Hello everyone , I'm Chen Chen
A few days ago, a certain Ya was fined for tax evasion 13.41 One hundred million yuan , The message came out , But it has aroused thousands of waves on the Internet , Netizens directly fried the pot . All of them are filled with emotion , I don't know if there is more than a fraction of the fine paid by others .
So I crawled the data under this microblog , Conducted a simple public opinion analysis !
Because it is more convenient to crawl microblogs from the mobile terminal , So this time we choose to crawl the microblog from the mobile terminal .
We usually input keywords in this place , To search the microblog content .
I observed this page in developer mode and found that , Every time it makes a request for a keyword , I'm going to return one XHR Respond to .
We have now found the page where the data actually exists , Then you can perform the normal operation of the crawler .
Above we have found the real web page of data storage , Now we just need to make a request for the page , Then extract the data .
By observing the request header , It is not difficult to construct the request code .
The construction code is as follows :
key = input(" Please enter the crawling keyword :") for page in range(1,10): params = ( ('containerid', f'100103type=1&q={key}'), ('page_type', 'searchall'), ('page', str(page)), ) response = requests.get('https://m.weibo.cn/api/container/getIndex', headers=headers, params=params)

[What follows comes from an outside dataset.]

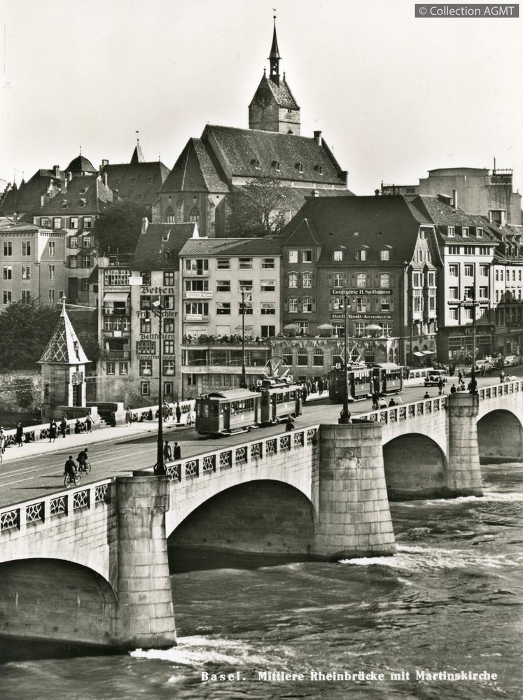 [Année] 1930Index. décimale : 3141 Tramway et métro léger urbain - véhicule - service régulier, transport de voyageur Basel : Mittlere Rheinbruecke mit Martinskirche = [Bâle : pont du Milieu et l'Eglise St. Martin] [document graphique à deux dimensions] . - Zuerich : Photoglob-Wehrli, [ca 1930] . - 1 carte postale : noir et blanc ; 15 x 11 cm. - (Photoglob-Wehrli; w 5184) .

From the above observation, we found that this data can be transformed into a dictionary for crawling , But after my actual test, I found that , It is the most simple and convenient to extract with regularization , So here is the way of regular extraction , Interested readers can try to extract data by dictionary . The code is as follows :
r = response.text title = re.findall('"page_title":"(.*?)"',r) comments_count = re.findall('"comments_count":(.*?),',r) attitudes_count = re.findall('"attitudes_count":(.*?),',r) for i in range(len(title)): print(eval(f"'{title[i]}'"),comments_count[i],attitudes_count[i])
The data has been parsed , We can store it directly , Here I store data in csv In file , The code is as follows :
for i in range(len(title)): try: with open(f'{key}.csv', 'a', newline='') as f: writer = csv.writer(f) writer.writerow([eval(f"'{title[i]}'"),comments_count[i],attitudes_count[i],reposts_count[i],created_at[i].split()[-1],created_at[i].split()[1],created_at[i].split()[2],created_at[i].split()[0],created_at[i].split()[3]]) except: pass
After data collection , It needs to be cleaned , Make it meet the analysis requirements before visual analysis .

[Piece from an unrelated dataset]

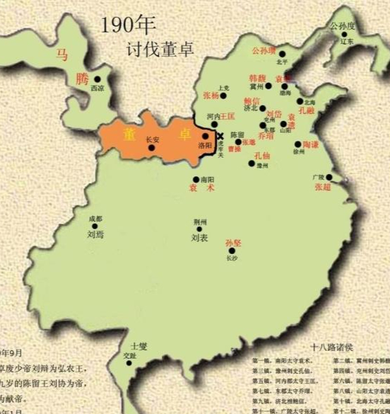 注意讨伐董卓时,袁术是在地图中心的南阳

use pandas Read the crawled data and preview .
import pandas as pd df = pd.read_csv(' Weiya .csv',encoding='gbk') print(df.head(10))
We found that , The data in the month is abbreviated in English , We need to turn it into numbers , The code is as follows :
c = [] for i in list(df[' month ']): if i == 'Nov': c.append(11) elif i == 'Dec': c.append(12) elif i == 'Apr': c.append(4) elif i == 'Jan': c.append(1) elif i == 'Oct': c.append(10) else: c.append(7) df[' month '] = c df.to_csv(' Weiya .csv',encoding='gbk',index=False)

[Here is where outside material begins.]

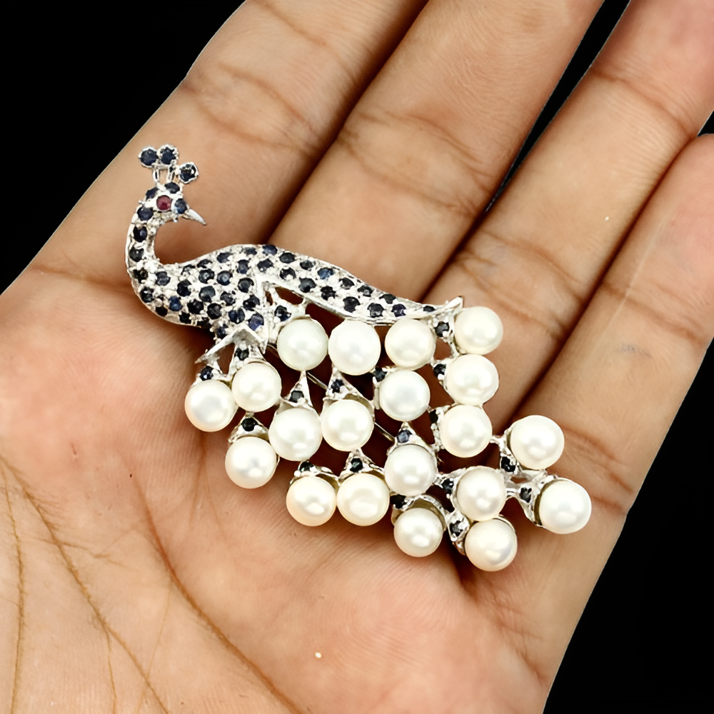 Pfauen-Brosche mit einem Rubin, blauen Saphiren und cremeweißen Süßwasser-Zuchtperlen gefasst in 925 Sterlingsilber 14 Karat Weißgold vergoldet

View field types and missing values , Meet the needs of analysis , No additional treatment is required .
df.info()
Let's visually analyze these data .
Here we only climb closer 100 Pages of data , It could be the cause of 20 and 21 The reason why there is less microblog data on .
The code is as follows :
from pyecharts.charts import Bar from pyecharts import options as opts from collections import Counter # Count the frequency of words c=[] d={} a = 0 for i in list(df[' month ']): if i == 12: if list(df[' Japan '])[a] notin c: c.append(list(df[' Japan '])[a]) a+=1 a = 0 for i in c: d[i]=0 for i in list(df[' month ']): if i == 12: d[list(df[' Japan '])[a]]+=1 a += 1 columns = [] data = [] for k,v in d.items(): columns.append(k) data.append(v) bar = ( Bar() .add_xaxis(columns) .add_yaxis(" Number of pieces ", data) .set_global_opts(title_opts=opts.TitleOpts(title=" Daily number of microblogs ")) ) bar.render(" Word frequency .html")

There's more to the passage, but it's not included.